Só o setor de defensivos agrícolas apontou, nesse último levantamento do FNCP, perdas de R$ 20,8 bilhões, que representam 20% desse mercado na ilegalidade. Esse espaço perdido para o crime afeta nossas indústrias e comércio e provoca danos à nossa saúde, desde os trabalhadores que manipulam esses produtos, que muitas vezes são proibidos de serem comercializados, até os consumidores, pelos efeitos nocivos que podem ocasionar nos alimentos. Essa também é a realidade para os produtos veterinários. Além desses males, nossos produtores têm que enfrentar questionamentos no âmbito do comércio exterior, fomentando, inclusive, iniciativas promovidas por concorrentes internacionais, que se aproveitam dessas possíveis brechas para atacar a nossa relevante participação no mercado internacional.
Em verdade, toda a economia brasileira e o erário são duramente afetados, mas também perde o consumidor com a aquisição de produtos de baixa qualidade, que não atendem as normas e regulamentos técnicos, com evidentes danos para a saúde e segurança. Ganham os criminosos e inescrupulosos, que se fortalecem e afastam investimentos e empregos.
Esse panorama deve ser enfrentado com determinação, integrando todos os esforços do poder público com a importante cooperação do setor privado.
Temos defendido há anos a intensiva cooperação e a integração das diversas áreas governamentais na estruturação de políticas públicas eficazes. O Conselho Nacional de Combate à Pirataria e Delitos Contra a Propriedade Intelectual (CNCP), colegiado do Ministério da Justiça e Segurança Pública, congrega como titulares ministérios, Polícias Federal e Rodoviária, Receita Federal, e cinco representantes dos setores produtivos e tem sido um espaço importante para o aperfeiçoamento dessa coordenação.
A elaboração de guias de boas práticas estimulando a autorregulação; cartilhas com informações práticas; incentivo para a ação dos Estados e Municípios; aperfeiçoamento legislativo; aproximação com o Poder Judiciário e Ministério Público; apoio aos investimentos em recursos humanos e tecnológicos nas forças policiais e nos órgãos reguladores, especialmente nas fronteiras; concursos públicos para contratação de novos funcionários que atuam na defesa do mercado legal (o exemplo da Receita Federal é ilustrativo, há anos sem novas contratações com um número crescente de aposentadorias afetando o enfretamento do crescente movimento aduaneiro e de fiscalização) são temas que temos apresentado e apoiado fortemente no âmbito do CNCP.

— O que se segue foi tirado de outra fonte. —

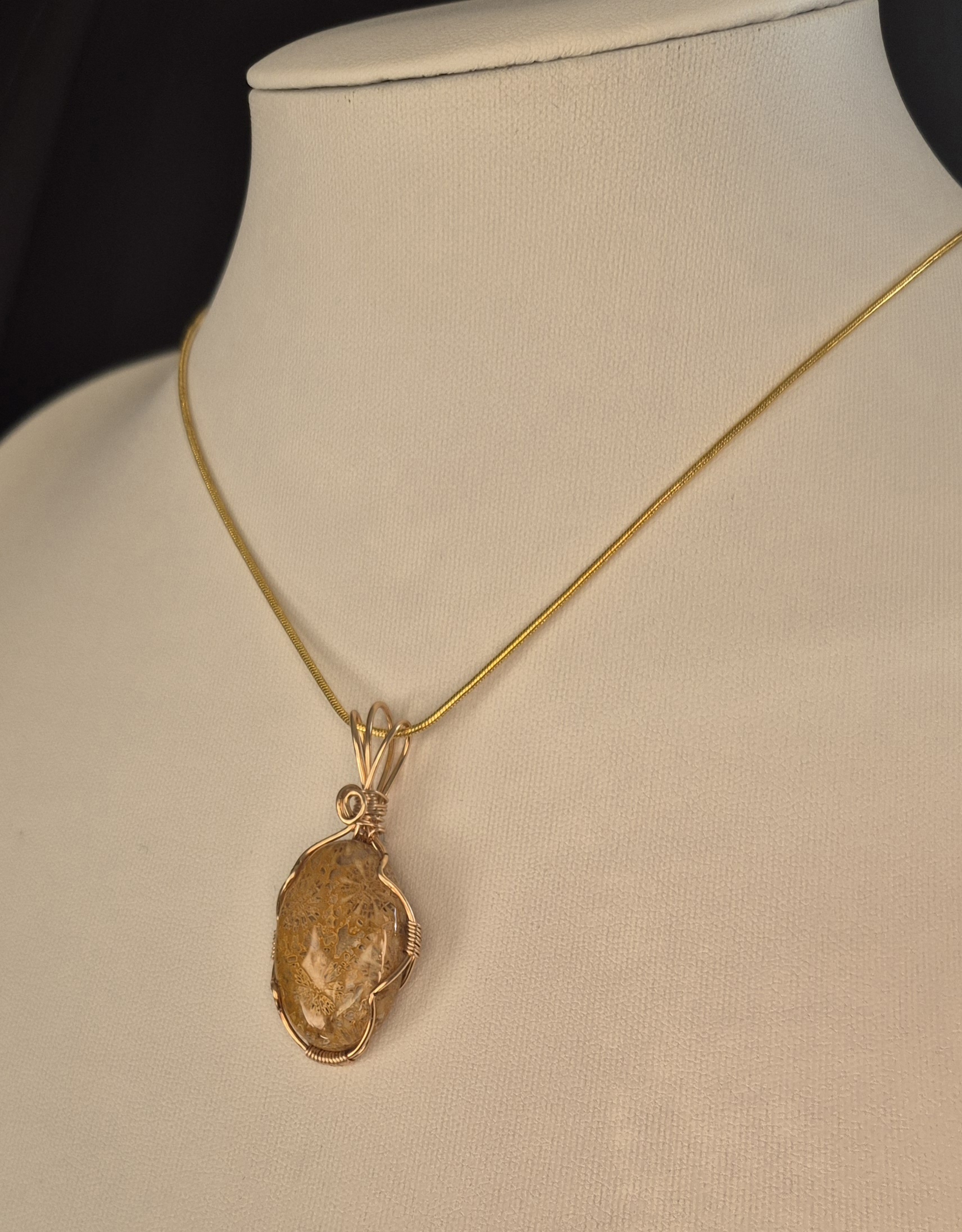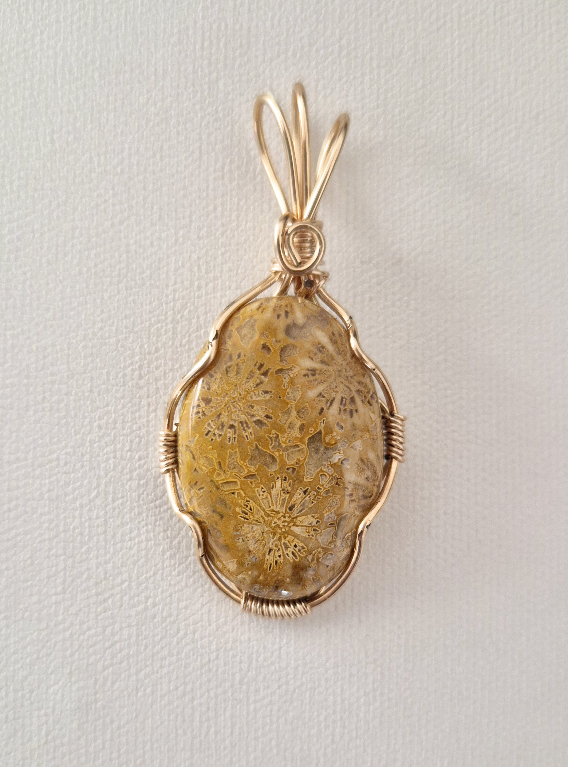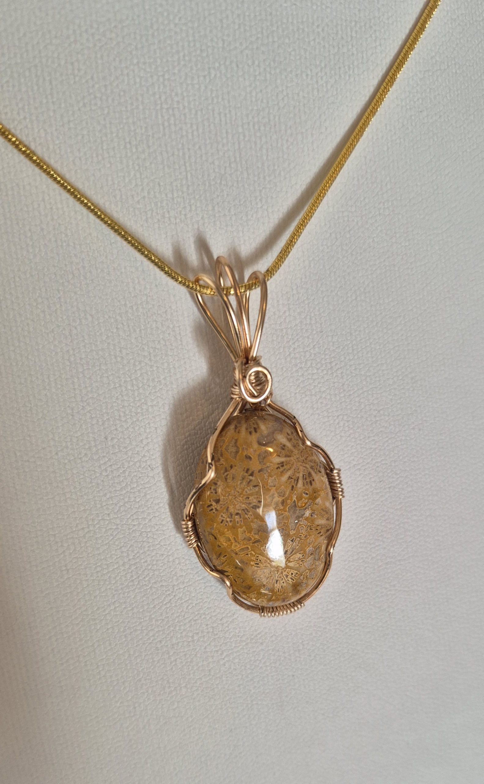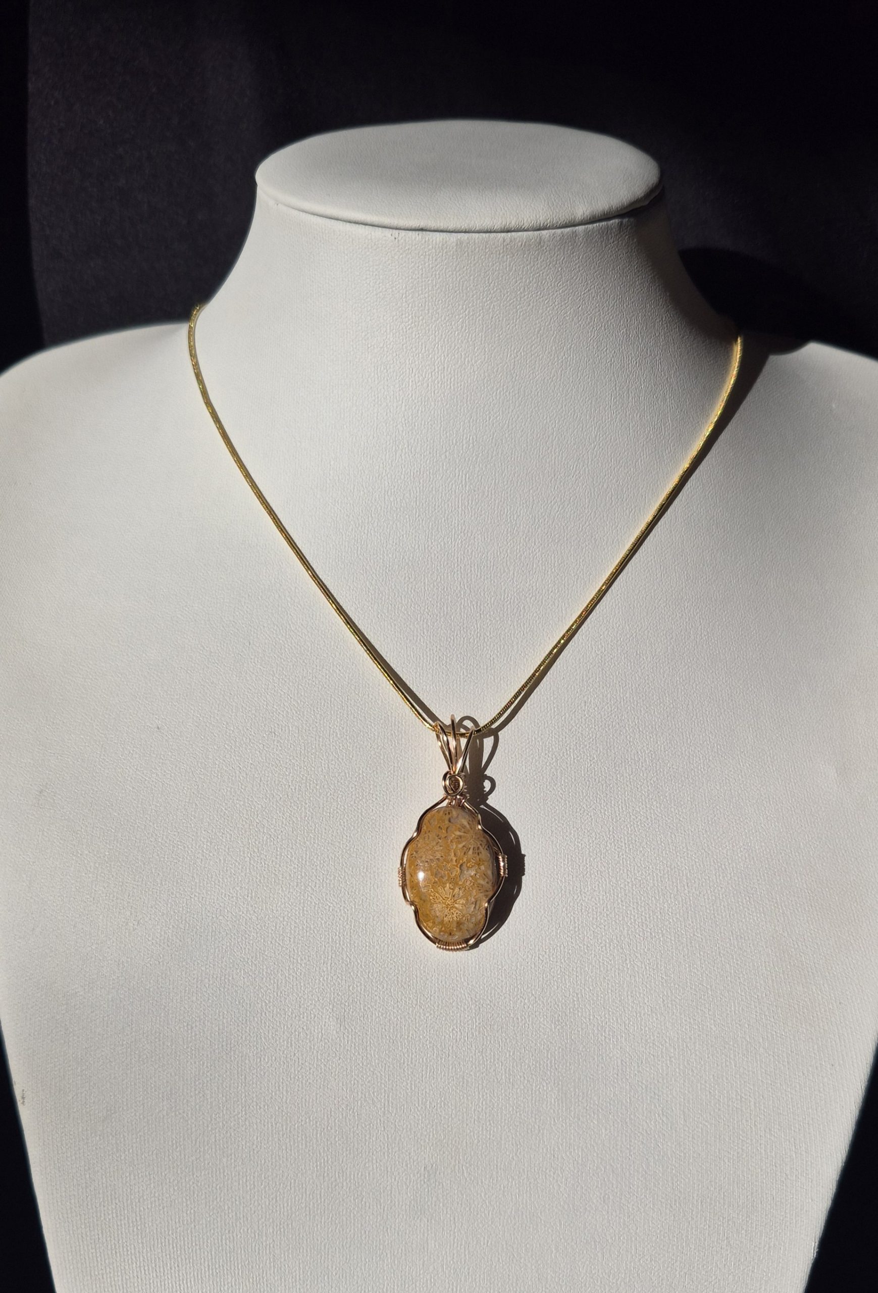 This Star Coral fossil is wrapped in gold plated wire. Unique and one of a kind, this pendant measures approximately 4.5cm in length and 2cm wide.

Não obstante essas propostas e a intensa dedicação dos agentes públicos, é importante ressaltar que os governos que acabam de completar 100 dias precisam encarar a defesa do mercado legal como uma ação absolutamente necessária. Nesse sentido, urge que haja cada vez mais o direto engajamento dos ministros e secretários apoiando decisivamente suas respectivas áreas de competência, fortalecendo o trabalho que tem sido realizado pelas áreas operacionais e que merecem toda a atenção.
Sabemos que não faltam prioridades diante do enorme desafio que temos na administração de um país tão complexo como o nosso, mas a defesa do nosso mercado legal converge com as iniciativas de estímulo à economia, defesa do consumidor, aprimoramento da arrecadação sem aumento de impostos e combate às organizações criminosas e milícias. Portanto, defendemos que tenhamos uma contínua ação que represente essa convergência de propósitos em defesa do interesse nacional.